▸ **Work item**: Return each entry word for word and skip its pictures.

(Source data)
-----

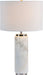 The stately design of this modern table lamp feels statuesque on tabletops throughout the home. A white marble lamp base adds the perfect element of antiquity without feeling old fashioned, thanks to a satin nickel-plated accents and off-white linen drum lampshade. Soft gray veining throughout the base makes this natural stone lamp is a graceful addition to grand interior spaces.
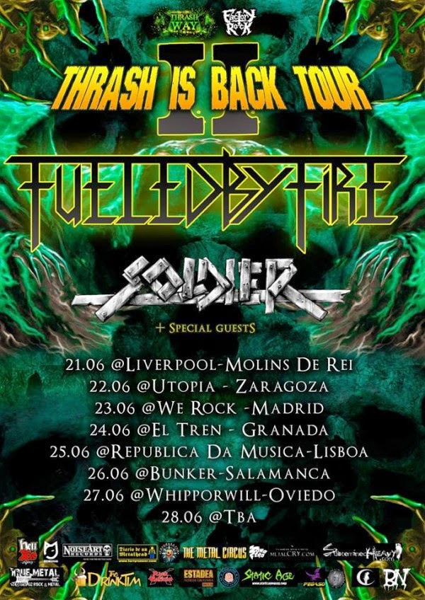 El Thrash metal está pegando fuerte en los últimos tiempos y es que, hasta el nombre de esta gira lo anuncia orgulloso: “Thrash is back”, y bajo este lema que podríamos traducir como “El Thrash está de vuelta” están girando FUELED BY FIRE  y SOLDIER por toda la península. Si en la primera edición fueron HAVOK y CLOCKWORK los protagonistas, estos ceden ahora el testigo thrasher a FUELED BY FIRE, la ya consagrada banda californiana, y  a SOLDIER, desde Oviedo y con mucho qué decir en la escena.
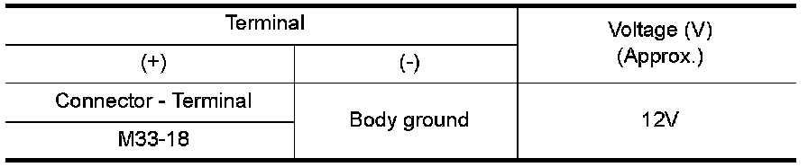 2. Check voltage between front air control harness connector M33 terminal 1 and ground.
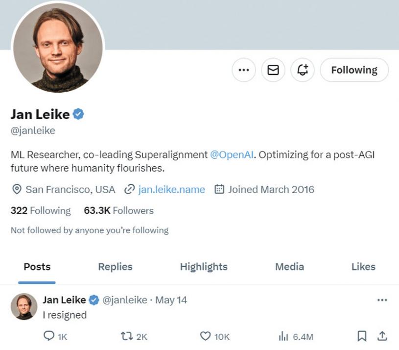 剛辭職的人工智能(AI)新創公司OpenAI高層雷克(Jan Leike) 在社交平台X發文,坦言這家具影響力的AI公司「將安全屈服於閃亮的產品下」,又暗示這是他離開公司的導火線。
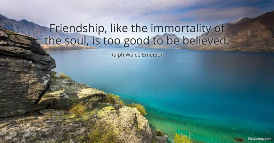 Emerson, Ralph Waldo. "Friendship, like the immortality of the soul, is too good to be believed." FixQuotes. January 17, 2026. https://fixquotes.com/quotes/friendship-like-the-immortality-of-the-soul-is-33941/.
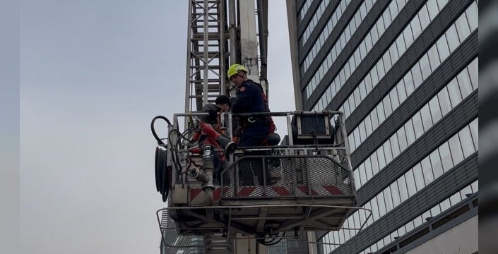 Bursa'da cam silerken mahsur kalan işçiler itfaiye tarafından kurtarıldı
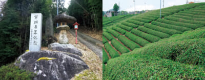 明治初期に京都府の主導により開拓された童仙房に広がる大規模な山なり茶園。府の文化的景観に選定されている。開拓100年を記念してたてられた開拓碑[左]。
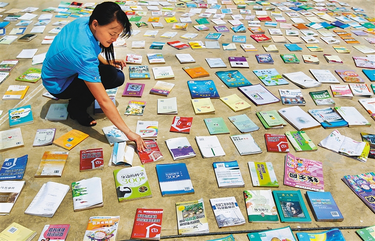 7月24日,一名管理员正在昌江石碌镇水头村篮球场上翻晒被洪灾浸泡过的图书。据介绍,村里农民图书室的近万册农业、农机及自然科学等图书被洪水浸泡。本报记者 苏晓杰 特约记者 黄玉宁 摄
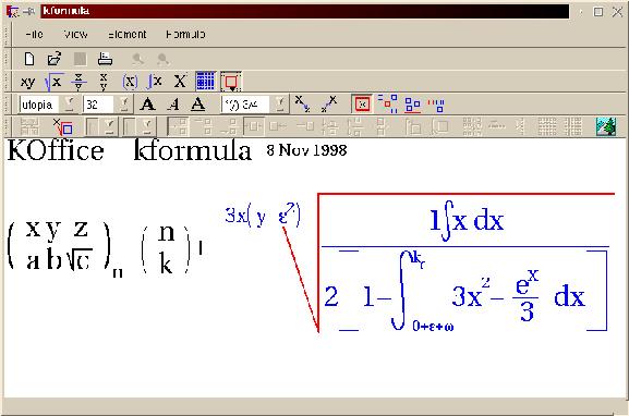 The KOffice application that is probably most advanced at the moment is KIllustrator (see Figure 5), a vector-based drawing package. It features a lot of drawing tools and is very usable. Two other applications of KOffice are KFormula (see Figure 6), a mathematical formula typesetter; and KImage, a smaller image-manipulation program. Finally, there is KChart, a component for drawing business graphs such as bar charts and pie charts; and KOrganizer, an organizer program in the spirit of Lotus Organizer that is quite usable and sports many features and different views.
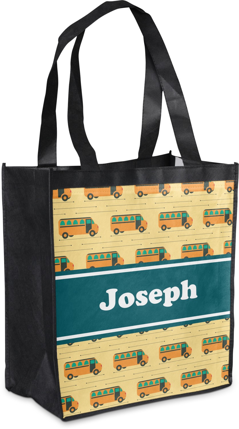 Made from a durable, biodegradable material, these reusable shopping bags can support up to 30 pounds of weight. With two large handles, measuring at 8.5 inches each, these personalized tote bags are easy to carry to your vehicle or home. The bag itself is 12 by 13.5 inches, and can expand to a depth of 7 inches. Your customization is printed on both the front and back, while the remaining sides, trim, and handle are a sleek, charcoal black.
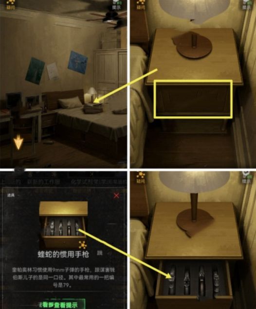 18、打开抽屉,点击里面的枪,得到线索蝰蛇的惯用手枪。

-----

▸ **Task result**:
 The stately design of this modern table lamp feels statuesque on tabletops throughout the home. A white marble lamp base adds the perfect element of antiquity without feeling old fashioned, thanks to a satin nickel-plated accents and off-white linen drum lampshade. Soft gray veining throughout the base makes this natural stone lamp is a graceful addition to grand interior spaces.
 El Thrash metal está pegando fuerte en los últimos tiempos y es que, hasta el nombre de esta gira lo anuncia orgulloso: “Thrash is back”, y bajo este lema que podríamos traducir como “El Thrash está de vuelta” están girando FUELED BY FIRE  y SOLDIER por toda la península. Si en la primera edición fueron HAVOK y CLOCKWORK los protagonistas, estos ceden ahora el testigo thrasher a FUELED BY FIRE, la ya consagrada banda californiana, y  a SOLDIER, desde Oviedo y con mucho qué decir en la escena.
 2. Check voltage between front air control harness connector M33 terminal 1 and ground.
 剛辭職的人工智能(AI)新創公司OpenAI高層雷克(Jan Leike) 在社交平台X發文,坦言這家具影響力的AI公司「將安全屈服於閃亮的產品下」,又暗示這是他離開公司的導火線。
 Emerson, Ralph Waldo. "Friendship, like the immortality of the soul, is too good to be believed." FixQuotes. January 17, 2026. https://fixquotes.com/quotes/friendship-like-the-immortality-of-the-soul-is-33941/.
 Bursa'da cam silerken mahsur kalan işçiler itfaiye tarafından kurtarıldı
 明治初期に京都府の主導により開拓された童仙房に広がる大規模な山なり茶園。府の文化的景観に選定されている。開拓100年を記念してたてられた開拓碑[左]。
 7月24日,一名管理员正在昌江石碌镇水头村篮球场上翻晒被洪灾浸泡过的图书。据介绍,村里农民图书室的近万册农业、农机及自然科学等图书被洪水浸泡。本报记者 苏晓杰 特约记者 黄玉宁 摄
 The KOffice application that is probably most advanced at the moment is KIllustrator (see Figure 5), a vector-based drawing package. It features a lot of drawing tools and is very usable. Two other applications of KOffice are KFormula (see Figure 6), a mathematical formula typesetter; and KImage, a smaller image-manipulation program. Finally, there is KChart, a component for drawing business graphs such as bar charts and pie charts; and KOrganizer, an organizer program in the spirit of Lotus Organizer that is quite usable and sports many features and different views.
 Made from a durable, biodegradable material, these reusable shopping bags can support up to 30 pounds of weight. With two large handles, measuring at 8.5 inches each, these personalized tote bags are easy to carry to your vehicle or home. The bag itself is 12 by 13.5 inches, and can expand to a depth of 7 inches. Your customization is printed on both the front and back, while the remaining sides, trim, and handle are a sleek, charcoal black.
 18、打开抽屉,点击里面的枪,得到线索蝰蛇的惯用手枪。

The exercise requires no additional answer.